| Quote #1
Then I should have chosen a career for myself, I should have been a sluggard and a glutton, not a simple one, but, for instance, one with sympathies for everything sublime and beautiful. How do you like that? I have long had visions of it. That "sublime and beautiful" weighs heavily on my mind at forty But that is at forty; then – oh, then it would have been different! I should have found for myself a form of activity in keeping with it, to be precise, drinking to the health of everything "sublime and beautiful." I should have snatched at every opportunity to drop a tear into my glass and then to drain it to all that is "sublime and beautiful." I should then have turned everything into the sublime and the beautiful; in the nastiest, unquestionable trash, I should have sought out the sublime and the beautiful. I should have exuded tears like a wet sponge. An artist, for instance, paints a picture worthy of Gay. At once I drink to the health of the artist who painted the picture worthy of Gay, because I love all that is "sublime and beautiful." An author has written As you will: at once I drink to the health of "anyone you will" because I love all that is "sublime and beautiful." (1.6.1)
The Underground Man imagines for himself a life as a professional aesthete, where his sole occupation would be to enjoy works of art. Great, except in doing so he imagines himself as a fat and lazy man. It's also interesting that he imagines what his life would be like if steeped in art and literature, and from what we'll soon see, this is already the case (because of the dramatic, romantic notions he applies to his interactions with others).
| Quote #2
In the first place I spent most of my time at home, reading. I tried to stifle all that was continually seething within me by means of external impressions. And the only external means I had was reading. Reading, of course, was a great help – exciting me, giving me pleasure and pain. But at times it bored me fearfully. One longed for movement in spite of everything, and I plunged all at once into dark, underground, loathsome vice of the pettiest kind. My wretched passions were acute, smarting, from my continual, sickly irritability I had hysterical impulses, with tears and convulsions. I had no resource except reading, that is, there was nothing in my surroundings which I could respect and which attracted me. (2.1.10)

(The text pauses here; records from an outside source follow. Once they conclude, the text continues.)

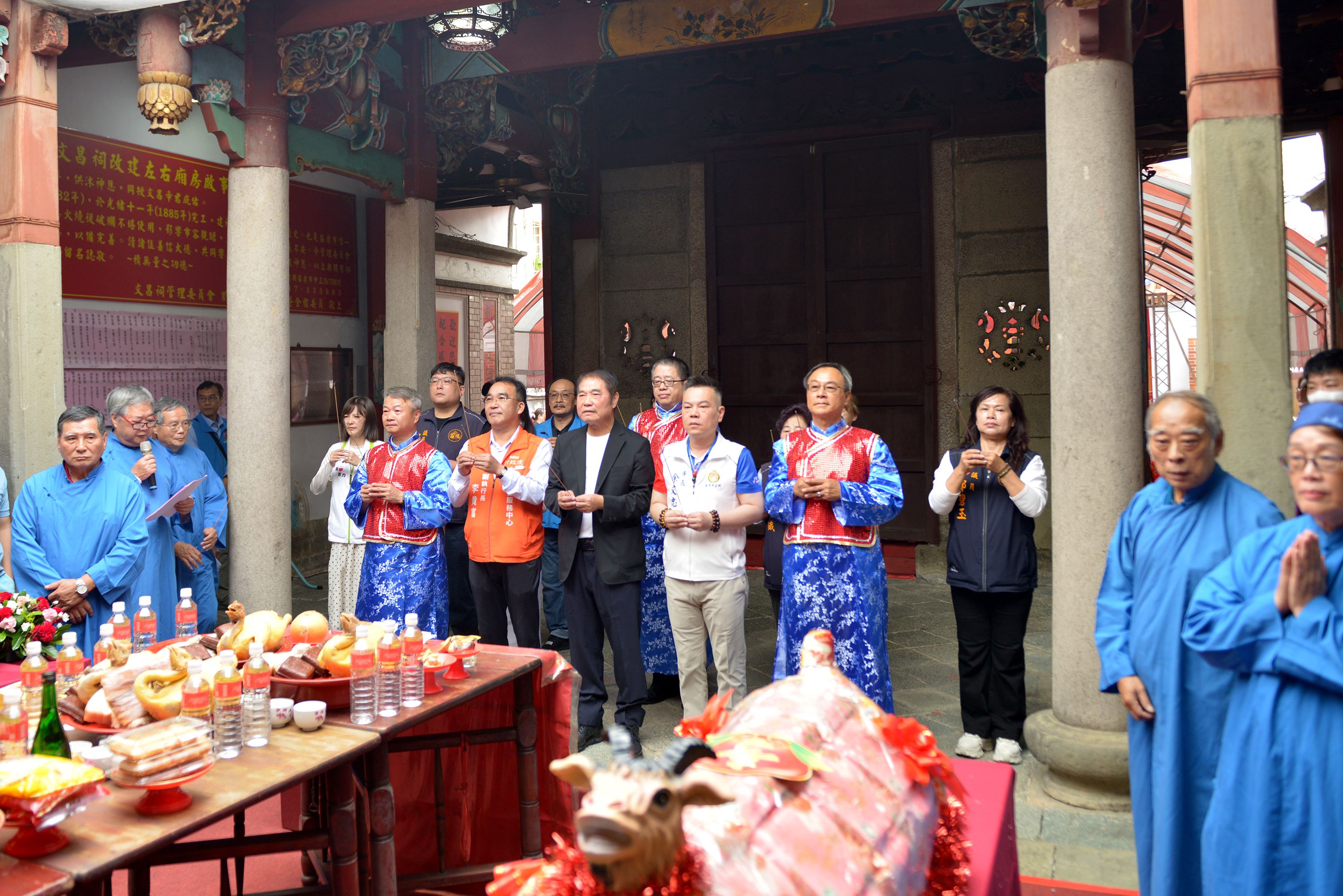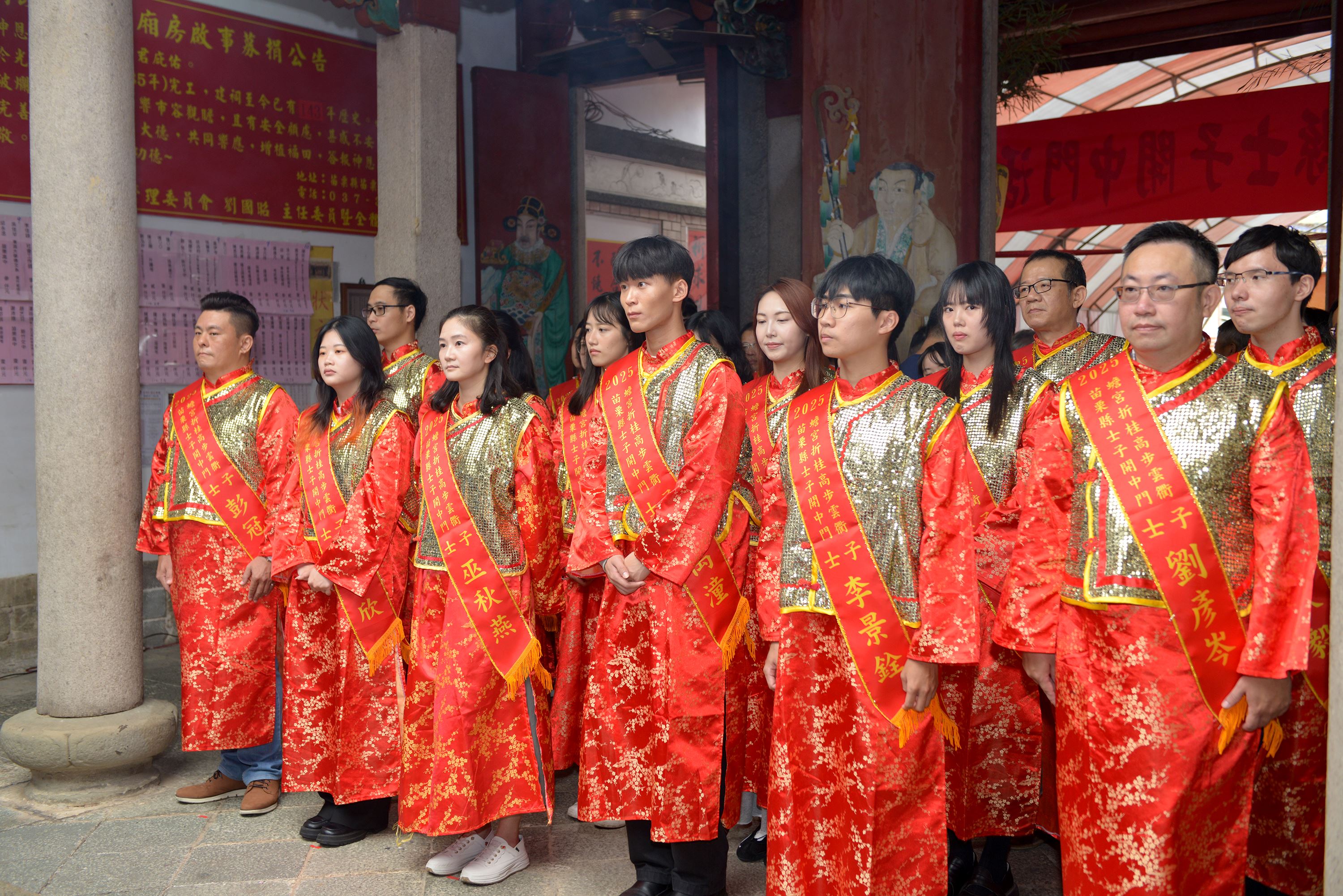 今日到場一同共襄盛舉的有苗栗縣長鍾東錦、苗栗縣議員孫素娥、鄭碧玉、楊明燁、徐筱菁、許櫻萍、苗栗市長余文忠、國立聯合大學校長侯帝光、私立育達科技大學校長吳菊、行政院中部聯合服務中心副執行長李貴富、苗栗縣議會秘書長范陽添、縣府民政處長巫恒昭、副處長林國竹等。30位士子披紅挂綵,在鐘鼓聲中,依序從中門進入文昌祠,循古禮進行三獻禮祭聖,儀式莊嚴肅穆,士子的家人、朋友都到場觀禮,分享榮耀。
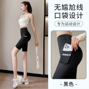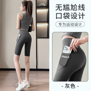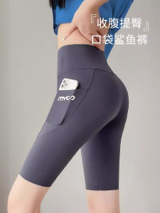 五分側ポケットサメパンツ夏の薄い女性の通気性の高い腰の運動に乗るのは気まずいことがありません。
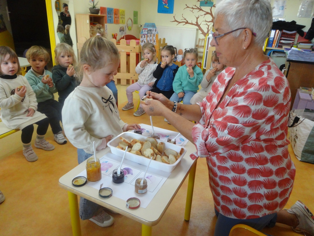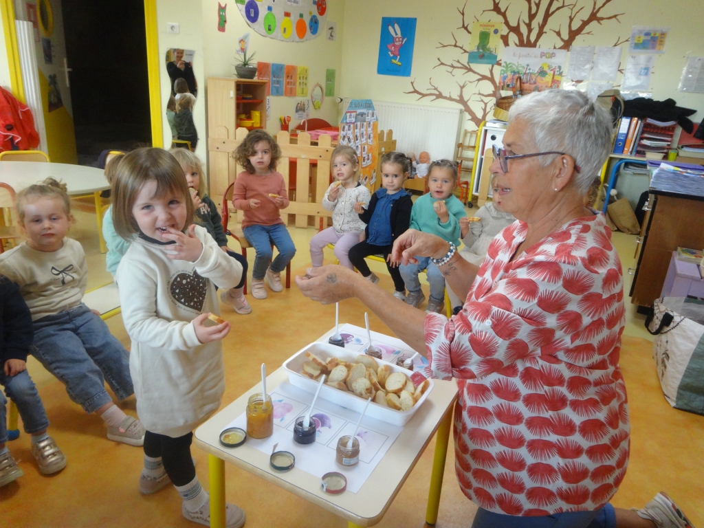 Pour poursuivre sur la découverte de nouvelles saveurs (semaine du goût), nous avons fait une dégustation de confitures (moins connues) sur de la baguette fraîche : clémentine, citron, figue, cerise, cédrat, orange! Après quelques hésitations, nous avons beaucoup apprécié!
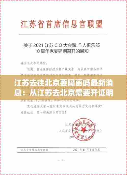 近期,随着疫情的发展和防控措施的调整,很多人关心从江苏去往北京是否需要隔离。根据最新的消息,以下是对江苏去往北京隔离政策的概述。
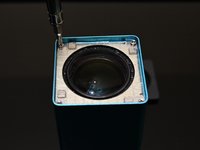• At this point, the only thing holding the lens assembly in its housing is a single piece of tape. The adhesive is not strong. Lift it with a pair of tweezers or the like.
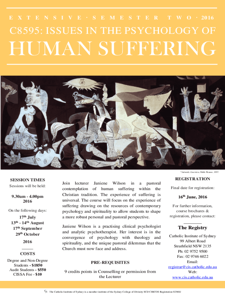 E X T E N S I V E S E M E S T E RT W O 2016C8595: ISSUES IN THE PSYCHOLOGY OFHUMAN SUFFERING*Artwork: Guernica, Pablo Picasso, 1937.SESSION TIMES Sessions will be held:9.30am 4.00pm 2016 On the following

Compare this passage to the moment in the end of Part II when the Underground Man sees the crumpled five-rouble note left behind by Liza. In Liza, finally, he finds "something which [he can] respect" – something in another human being and not just in the world of literature. Of course, he manages to drive her away because of his own "literary concerns" (i.e., he gave her the note in the first place because it was a contrived and literary cliché to give a prostitute money at a moment like that).
| Quote #3
What I was afraid of was that everyone present, from the insolent marker down to the lowest little stinking, pimply clerk in a greasy collar, would jeer at me and fail to understand when I began to protest and to address them in literary language. For of the point of honour – not of honour, but of the point of honour ( point d'honneur) – one cannot speak among us except in literary language. You can't allude to the "point of honour" in ordinary language. I was fully convinced (the sense of reality, in spite of all my romanticism!) that they would all simply split their sides with laughter. (2.1.19)
The Underground Man suffers from an inability to reconcile two different worlds: reality and the world of literature. He operates under the rules of the latter but finds that they frequently come into conflict with people in the former. To some degree, he knows how foolish his romanticism is – but rather than admit this, he simply labels the majority of men as uncultured fools.